Among the entries below, one line contains "Ar SUP dēļiem pa Aivieksti miglas tiklos." and another contains "Arī virves vilkšanas". Transcribe those two lines and every line between them, exactly.

INFORMATION GIVEN:
----
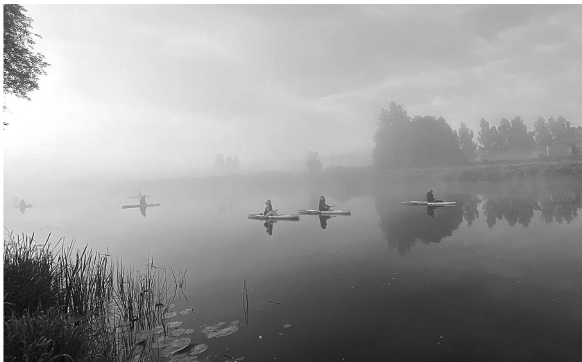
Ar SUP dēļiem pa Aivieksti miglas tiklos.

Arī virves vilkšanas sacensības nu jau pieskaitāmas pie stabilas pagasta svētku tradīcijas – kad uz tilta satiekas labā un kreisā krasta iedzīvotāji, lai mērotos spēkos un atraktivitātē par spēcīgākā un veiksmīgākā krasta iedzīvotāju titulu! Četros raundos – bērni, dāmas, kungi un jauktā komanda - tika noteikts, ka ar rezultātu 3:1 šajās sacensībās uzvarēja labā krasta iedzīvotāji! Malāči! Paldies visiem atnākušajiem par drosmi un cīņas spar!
----
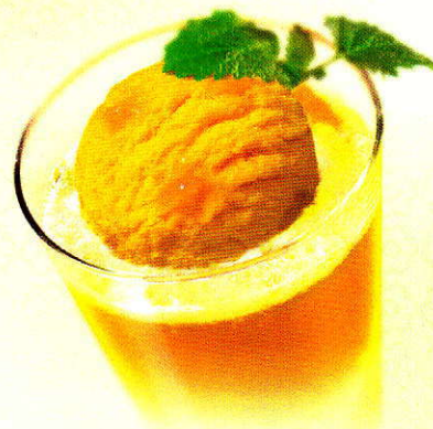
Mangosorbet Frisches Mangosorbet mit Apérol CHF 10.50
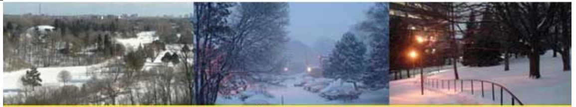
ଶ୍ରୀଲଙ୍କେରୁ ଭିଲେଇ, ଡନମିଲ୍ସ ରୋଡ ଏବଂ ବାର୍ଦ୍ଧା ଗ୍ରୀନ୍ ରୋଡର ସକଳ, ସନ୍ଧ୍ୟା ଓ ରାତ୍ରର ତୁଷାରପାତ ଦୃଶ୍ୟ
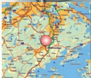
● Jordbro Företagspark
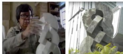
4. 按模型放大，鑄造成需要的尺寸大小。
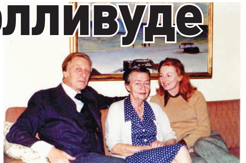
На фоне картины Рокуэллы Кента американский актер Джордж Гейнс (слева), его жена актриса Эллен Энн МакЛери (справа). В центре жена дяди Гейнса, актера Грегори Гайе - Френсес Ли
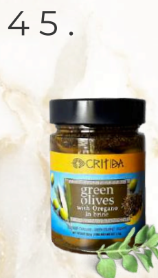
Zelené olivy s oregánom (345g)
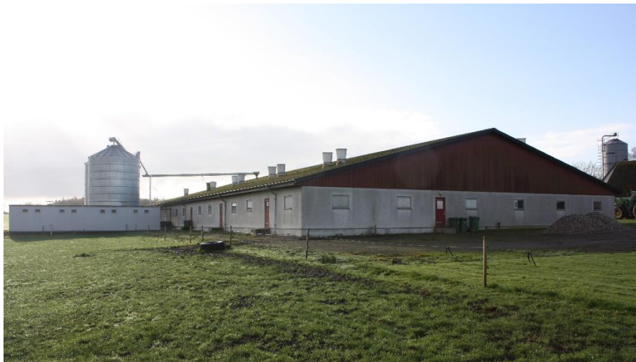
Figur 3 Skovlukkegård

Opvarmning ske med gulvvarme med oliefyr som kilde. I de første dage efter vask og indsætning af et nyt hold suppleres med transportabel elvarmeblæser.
----
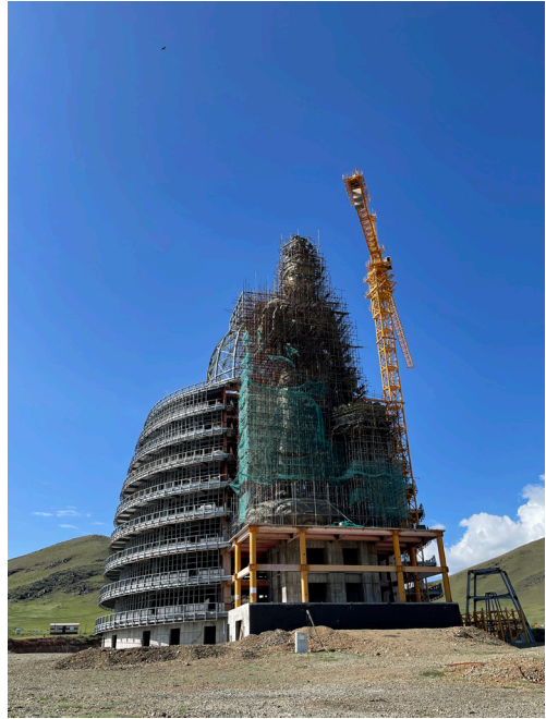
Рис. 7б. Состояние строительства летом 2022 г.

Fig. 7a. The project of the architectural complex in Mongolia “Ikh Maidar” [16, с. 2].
----
TASK OUTPUT:
Ar SUP dēļiem pa Aivieksti miglas tiklos.

Arī virves vilkšanas sacensības nu jau pieskaitāmas pie stabilas pagasta svētku tradīcijas – kad uz tilta satiekas labā un kreisā krasta iedzīvotāji, lai mērotos spēkos un atraktivitātē par spēcīgākā un veiksmīgākā krasta iedzīvotāju titulu! Četros raundos – bērni, dāmas, kungi un jauktā komanda - tika noteikts, ka ar rezultātu 3:1 šajās sacensībās uzvarēja labā krasta iedzīvotāji! Malāči! Paldies visiem atnākušajiem par drosmi un cīņas spar!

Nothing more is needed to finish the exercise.